> AIM OF THE EXERCISE: Output the entries exactly. Start at the first line, finish with the line containing "04:58:18Ein Mitspieler wünscht", and omit the pictures.

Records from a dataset
* * * * *
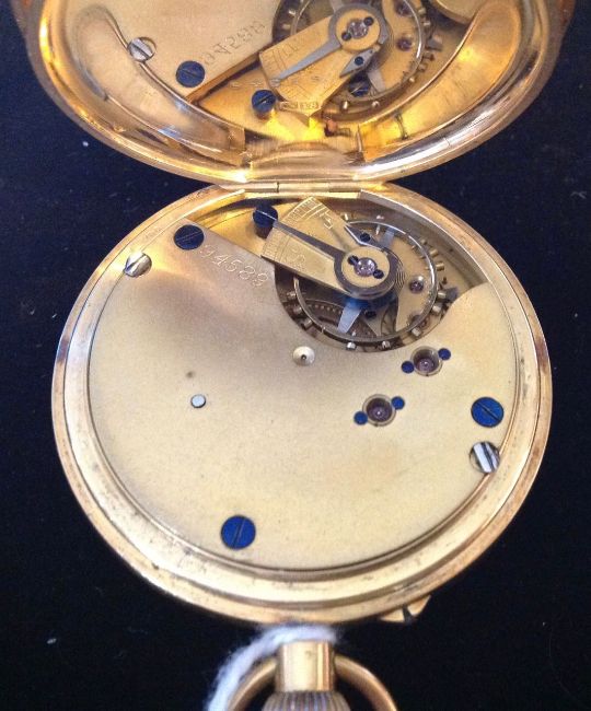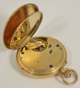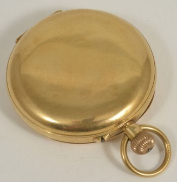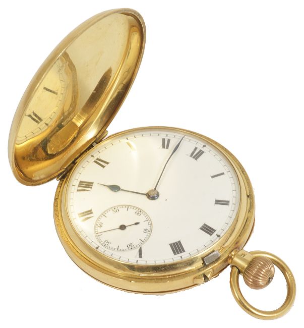 A 18ct gold full hunter pocket watch, Birmingham 1924the white enamel dial with roman numeral hours and baton minutes with spade hands and subsidiary seconds dial, case hallmarked 18 with crown and movement numbered 94589dial diameter: 42 mmCondition: Fair to good, hands are slightly warped, movement NOT working, minor scratches to outer case
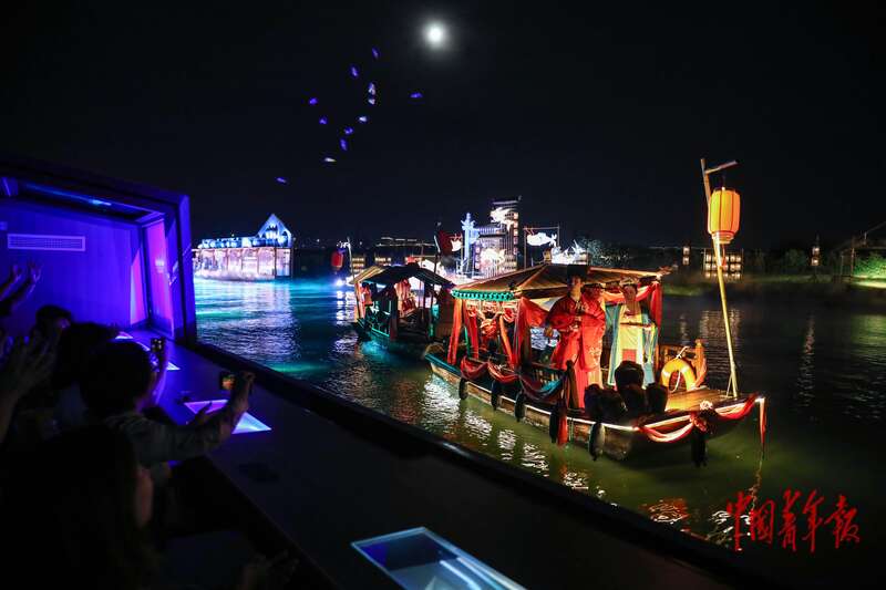 8月8日,浙江省绍兴市越城区,游客在船上欣赏讲述大禹治水故事的灯光秀。中青报·中青网记者 孔斯琪/摄
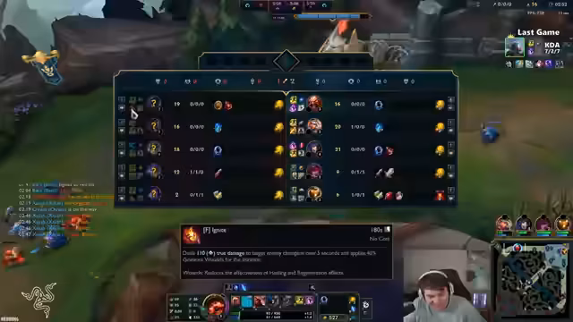 04:58:18Ein Mitspieler wünscht dem Streamer Krebs, was zu einem Diskussion über Toxizität im Chat führt. Der Streamer ist der Ansicht, dass Intentional Feeding das eigentliche Problem sei, da es das Spiel ruinieren könne, während Beleidigungen im High-Elo-Umfeld toleriert würden. Er berichtet, dass sein Top-Laner seine Lane heruntergelaufen ist, ihm Minions geklaut und ihn getrollt hat, was zum Verlust der Top-Lane beigetragen hat.
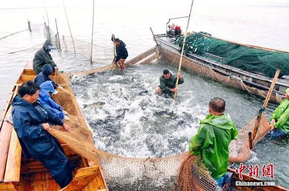 江西省九江县赤湖管理处一水产养殖场6000亩围栏水面开始捕捞。
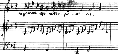 Романс написан на бессмертные стихи А.С. Пушкина. Спрашиваю у студентки, какие еще вокальные и хоровые произведения на стихи Пушкина она знает. Подумав, называет несколько. Студентке романс нравится, работает над ним увлечённо, с нескрываемым удовольствием. Стремясь как можно скорее исполнять романс в нужных темпах и в образе, учащаяся недостаточно чутко отнеслась к ритмическим особенностям аккомпанемента, вследствие чего во время домашней подготовки образовалась стойкая погрешность при исполнении пунктирного ритма в триольном размере и синкопы. Я бы отнесла эту ритмическую неточность к разряду «типичных» случаев, так как неоднократно наблюдала как эта ритмическая фигура, особенно исполняемая в быстром темпе, имеет тенденцию превратиться в простые или . Я считаю недопустимым превращать трехдольный размер в двухдольный. Особенно, если учесть, что эта ошибка искажает поэтический образ и является серьёзной разрушительной силой ансамбля, так как именно в этих местах фортепианное сопровождение дублирует вокальную партию. Для исправления этой ритмической неточности я прибегла к методу показа, но студентке все равно эта ритмическая фигурация никак не удавалась. Тогда я решила применить метод преувеличения (в данном случае ритмический-агогический), который заключается в том, что я советую ученице остановиться подольше на первой доле, как бы сделать на ней маленькую фермату , а так же несколько раз проиграть совершенно ровно, чтобы лучше осознать трёхдольность фигуры: . Прошу её также поиграть с пропуском шестнадцатой , затем сыграть так: , умышленно превращая шестнадцатую в форшлаг (опять преувеличение). Должна добавить, что неоценимую помощь в работе над подобными ритмическими фигурами оказывают так называемые «вспомогательные» слова. Я произносила их сама и заставляла петь учащуюся: «ми – лая», «ду - рочка» с очень энергичным акцентом на первом слоге, и дело наладилось. В результате студентка с романсом справилась, стала более чуткой в ансамбле с солистом и успешно сдала его, ярко выступив на зачете.
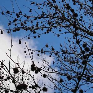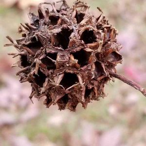 秋風景 その3 モミジバフウの実、陽の当たる方だけ赤く色付いてる🤗 出店で見かけたような🙄 アンバーバームになるには、もう少しかかるね😉
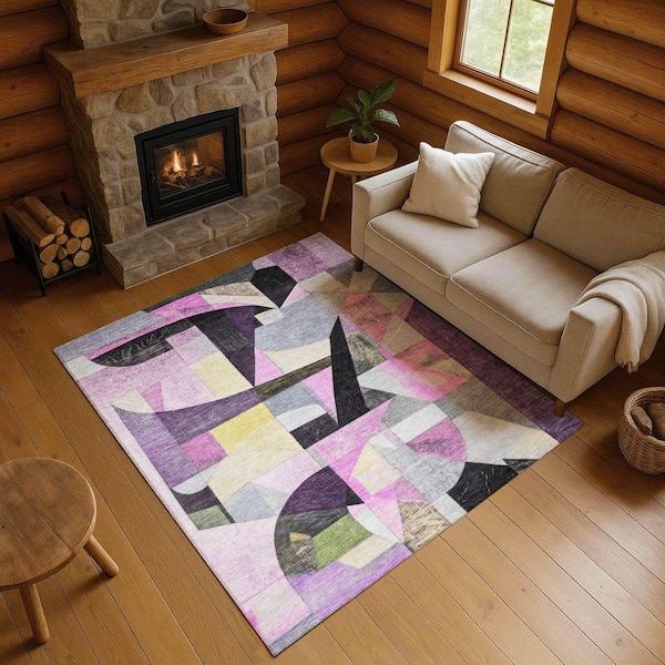 Mayfield Premium Machine Washable Abstract AMF1757 Purple 3 ft. x 4 ft. Area Rug
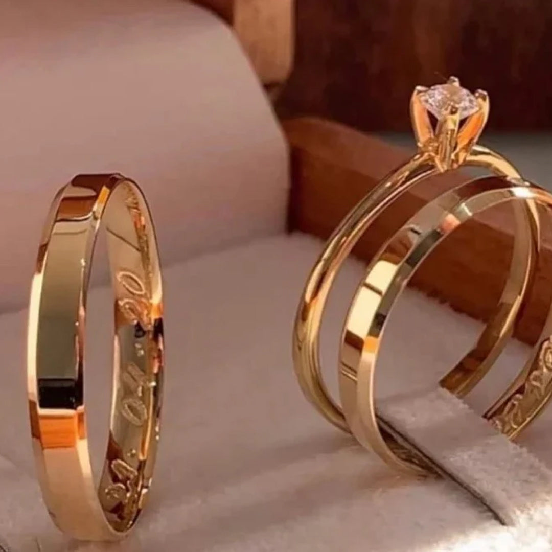 Combo Aliança Banhada Ouro 24k Anatômica 10 anos de garantia Rosalia + Solitário Cravejado
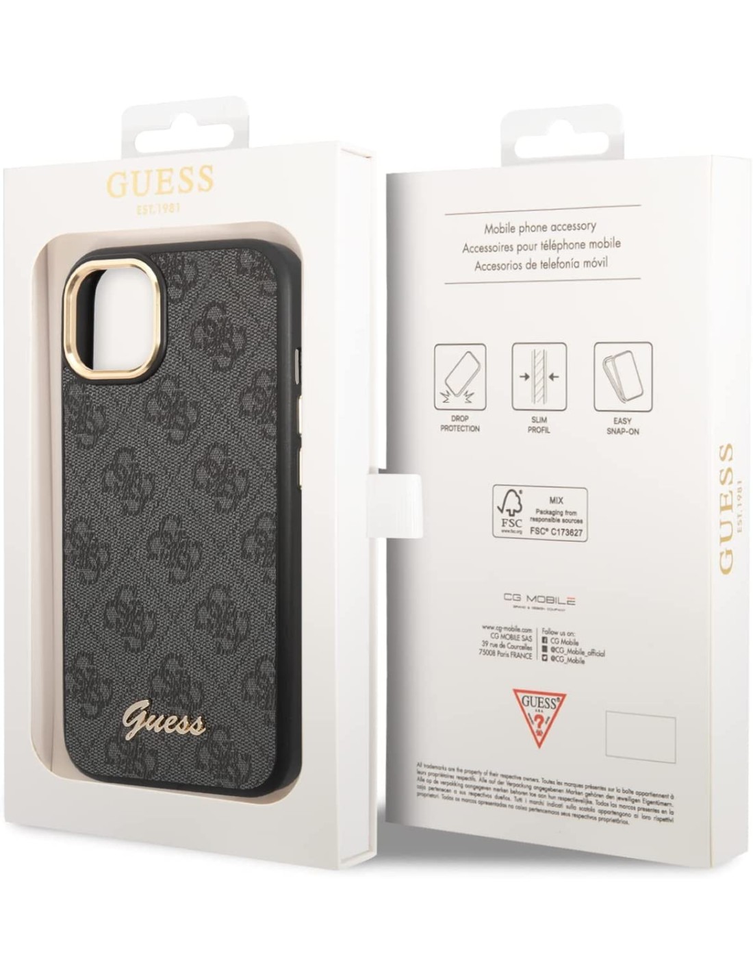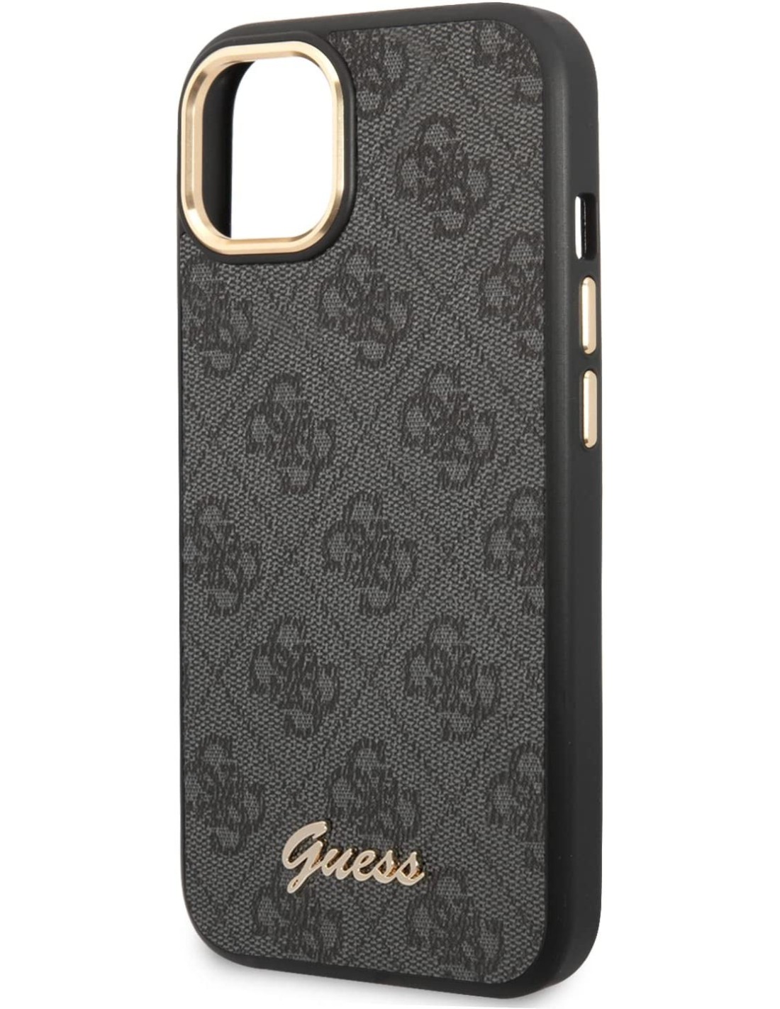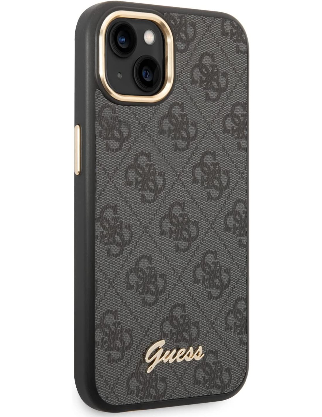Fabricado en PU. Color negro, con borde de la cámara en dorado.
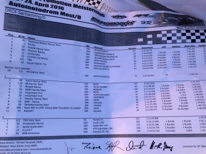 Wir führten kurzzeitig die Klasse 3 an, allerdings war das Eckert Racing Team super stark mit ihrem ersten Fahrer Ralf. Die Sicht auf Start/Ziel war zum Teil bei NULL, wenn 4-5 Fahrer vor einem fuhren. Das Wasser lief die Berge hinunter, es regnete immer mehr...wirklich keine leichten Bedingungen. Nach einer Stunde der Wechsel auf Basti. Der zog ebenso eine Stunde durch und sicherte und immer mehr Abstand zu Platz 3, Borgelt Racing. Dann ging Benny auf die Strecke und wir spekulierten auf einen weiteren Wechsel. Als die Zeiten kanpp 15min vor Rennende kippten, ging ich nochmal mit Slicks raus und konnte noch vorm Klasse 4 DLC Meister 2016, Team Aprilia Grebenstein, ins Ziel fahren.
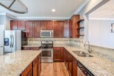 4 Bedroom,3 1/2 baths, 2600 square feet, 3-level home with sunroom. New paint and carpet! First floor has family/bonus room or could be used as in-law suite. Open-spacious living/kitchen area, gas fireplace, hardwoods, granite counters, owner's suite with separate shower, deck on second story, patio area on first floor. Single car garage. Located near community pool and walking distance to shopping.
* * * * *
> EXERCISE RESPONSE:
 A 18ct gold full hunter pocket watch, Birmingham 1924the white enamel dial with roman numeral hours and baton minutes with spade hands and subsidiary seconds dial, case hallmarked 18 with crown and movement numbered 94589dial diameter: 42 mmCondition: Fair to good, hands are slightly warped, movement NOT working, minor scratches to outer case
 8月8日,浙江省绍兴市越城区,游客在船上欣赏讲述大禹治水故事的灯光秀。中青报·中青网记者 孔斯琪/摄
 04:58:18Ein Mitspieler wünscht dem Streamer Krebs, was zu einem Diskussion über Toxizität im Chat führt. Der Streamer ist der Ansicht, dass Intentional Feeding das eigentliche Problem sei, da es das Spiel ruinieren könne, während Beleidigungen im High-Elo-Umfeld toleriert würden. Er berichtet, dass sein Top-Laner seine Lane heruntergelaufen ist, ihm Minions geklaut und ihn getrollt hat, was zum Verlust der Top-Lane beigetragen hat.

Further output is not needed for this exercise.